◆ **ABOUT THIS EXERCISE**: In the entries below, begin at the line that has "26 сентября - 90" and stop after the line that has "丰衣足食,安居乐业,延年益寿"; output those lines exactly, leaving out pictures.

** GIVEN ENTRIES follows **

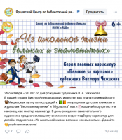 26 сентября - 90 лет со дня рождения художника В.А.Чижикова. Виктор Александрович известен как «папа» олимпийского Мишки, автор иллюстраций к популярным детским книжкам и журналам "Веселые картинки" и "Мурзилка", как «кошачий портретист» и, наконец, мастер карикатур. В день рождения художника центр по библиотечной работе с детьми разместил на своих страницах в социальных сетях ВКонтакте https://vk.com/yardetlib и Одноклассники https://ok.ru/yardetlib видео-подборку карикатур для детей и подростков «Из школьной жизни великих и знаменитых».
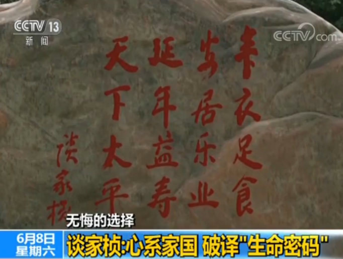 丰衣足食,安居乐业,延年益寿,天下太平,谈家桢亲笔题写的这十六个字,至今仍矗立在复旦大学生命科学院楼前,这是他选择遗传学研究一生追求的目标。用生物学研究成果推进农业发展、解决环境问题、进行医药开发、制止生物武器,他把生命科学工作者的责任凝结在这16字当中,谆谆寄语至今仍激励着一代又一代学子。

** End of GIVEN ENTRIES **
** GIVEN ENTRIES follows **

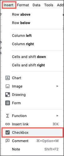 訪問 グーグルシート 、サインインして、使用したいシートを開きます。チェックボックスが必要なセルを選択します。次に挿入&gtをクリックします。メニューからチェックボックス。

** End of GIVEN ENTRIES **

◆ **SOLUTION**:
 26 сентября - 90 лет со дня рождения художника В.А.Чижикова. Виктор Александрович известен как «папа» олимпийского Мишки, автор иллюстраций к популярным детским книжкам и журналам "Веселые картинки" и "Мурзилка", как «кошачий портретист» и, наконец, мастер карикатур. В день рождения художника центр по библиотечной работе с детьми разместил на своих страницах в социальных сетях ВКонтакте https://vk.com/yardetlib и Одноклассники https://ok.ru/yardetlib видео-подборку карикатур для детей и подростков «Из школьной жизни великих и знаменитых».
 丰衣足食,安居乐业,延年益寿,天下太平,谈家桢亲笔题写的这十六个字,至今仍矗立在复旦大学生命科学院楼前,这是他选择遗传学研究一生追求的目标。用生物学研究成果推进农业发展、解决环境问题、进行医药开发、制止生物武器,他把生命科学工作者的责任凝结在这16字当中,谆谆寄语至今仍激励着一代又一代学子。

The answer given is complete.